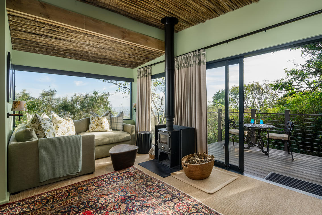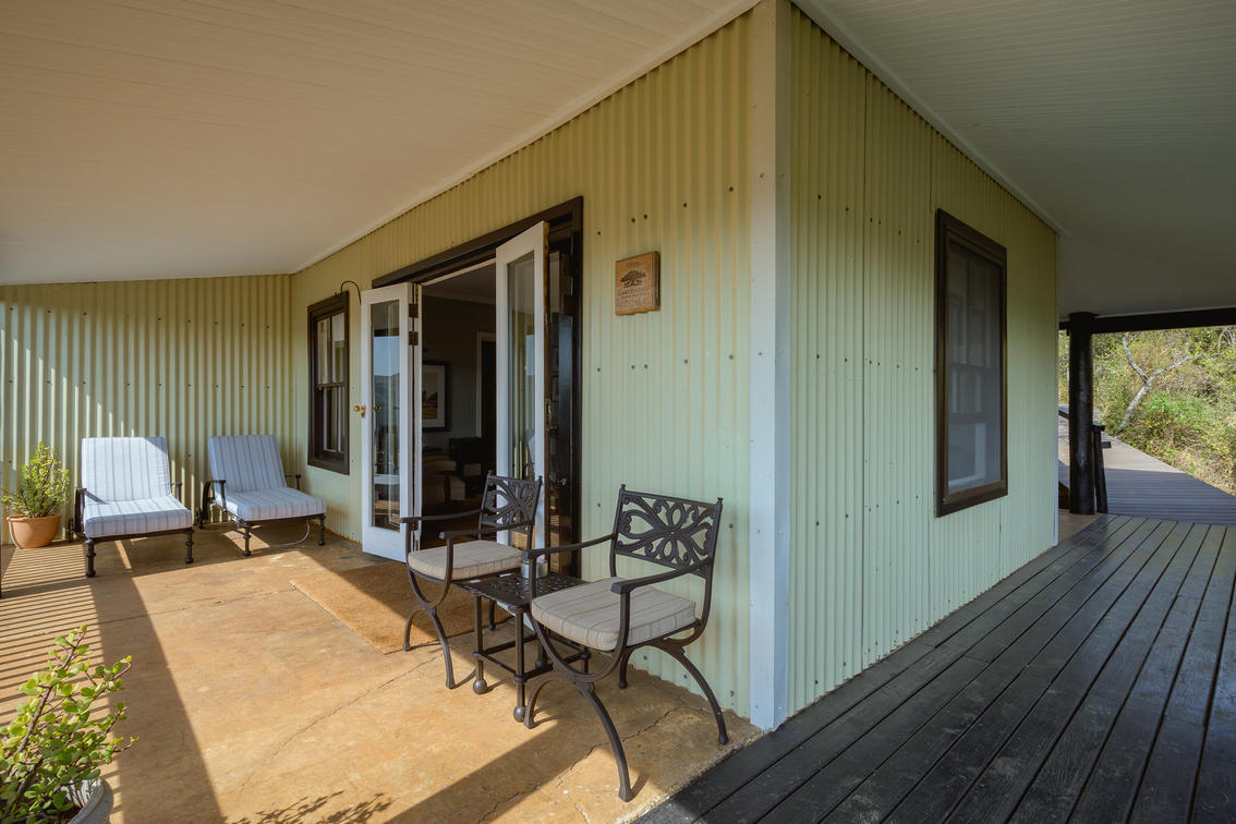 Large windows fill the space with natural light, and a wood-burning fire place adds warmth in cooler weather. The outdoor bath and open-air shower add a unique element to your stay, bringing you closer to the sights and sounds of the bush without sacrificing privacy.
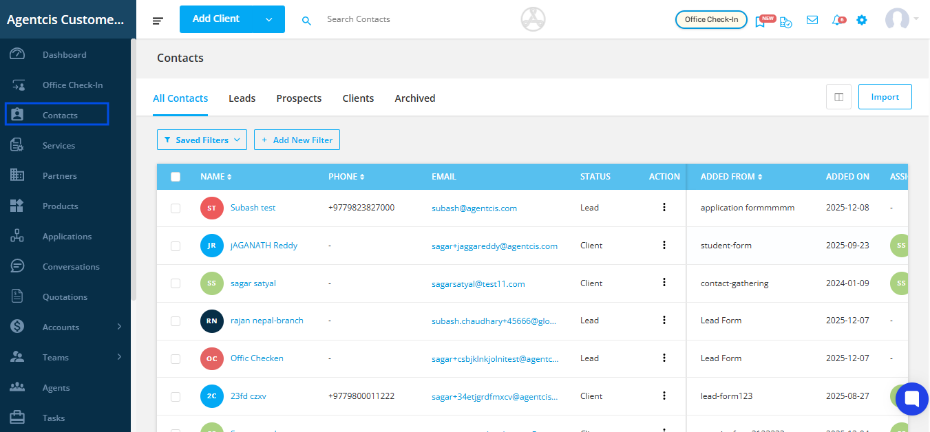 In Agentcis, you can efficiently view and locate clients using various filters, allowing you to find specific clients quickly and reduce search time. This helps in organizing client information, making data management and analysis more seamless. Additionally, you can create custom fields based on your workflow and use them as filters. You also have control over which filters are displayed in the filter section. To manage this, navigate to the Contacts Section from the left-side menu and select the icon shown in the image below:
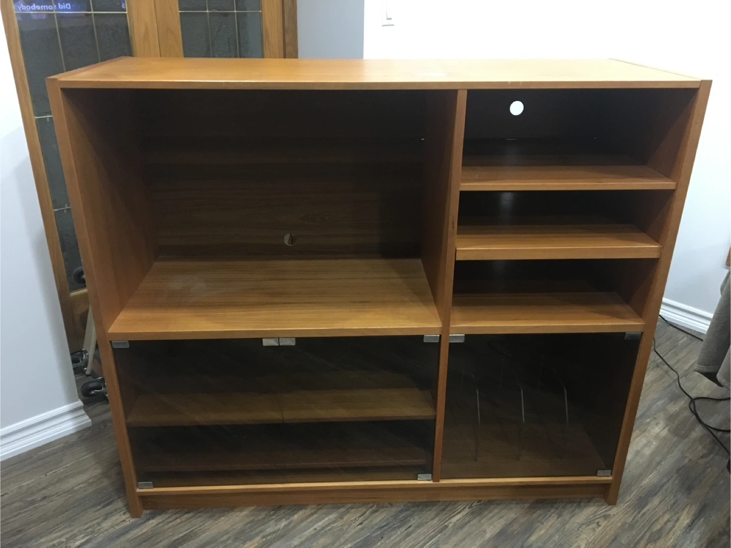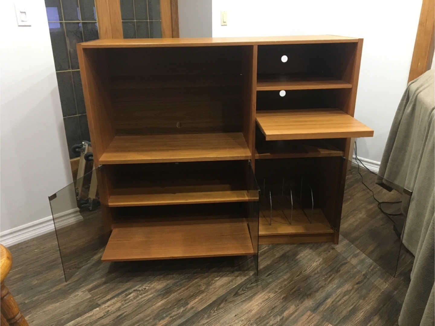 Teak TV/Audio/Video Cabinet . Has two pullout shelves of which one can be used for a record player. Storage space for your favourite LP’s. Can be fitted for optional roller kit for hard wood floors.
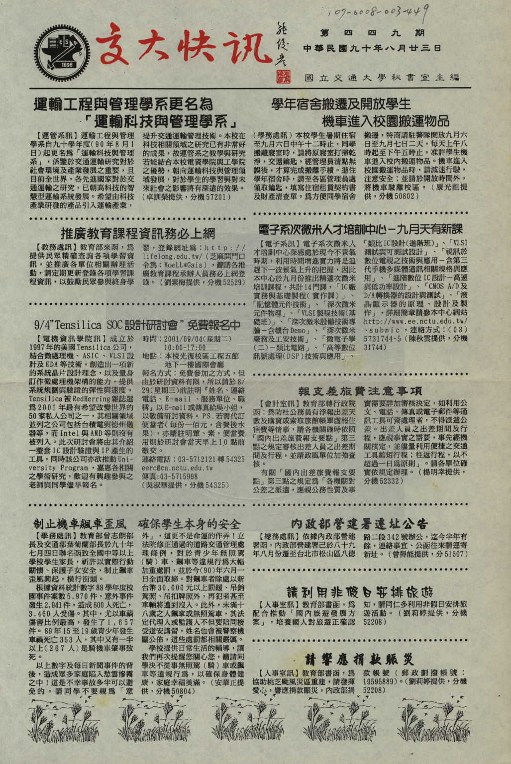 交大快訊 第四四九期,內容含:運輸工程與管理學系更名為「運輸科技與管理學系」。

Assignment: Pictures aside, transcribe exactly the lines from the line containing "Teak TV/Audio/Video Cabinet" through the final line of the material above.

Solution:
 Teak TV/Audio/Video Cabinet . Has two pullout shelves of which one can be used for a record player. Storage space for your favourite LP’s. Can be fitted for optional roller kit for hard wood floors.
 交大快訊 第四四九期,內容含:運輸工程與管理學系更名為「運輸科技與管理學系」。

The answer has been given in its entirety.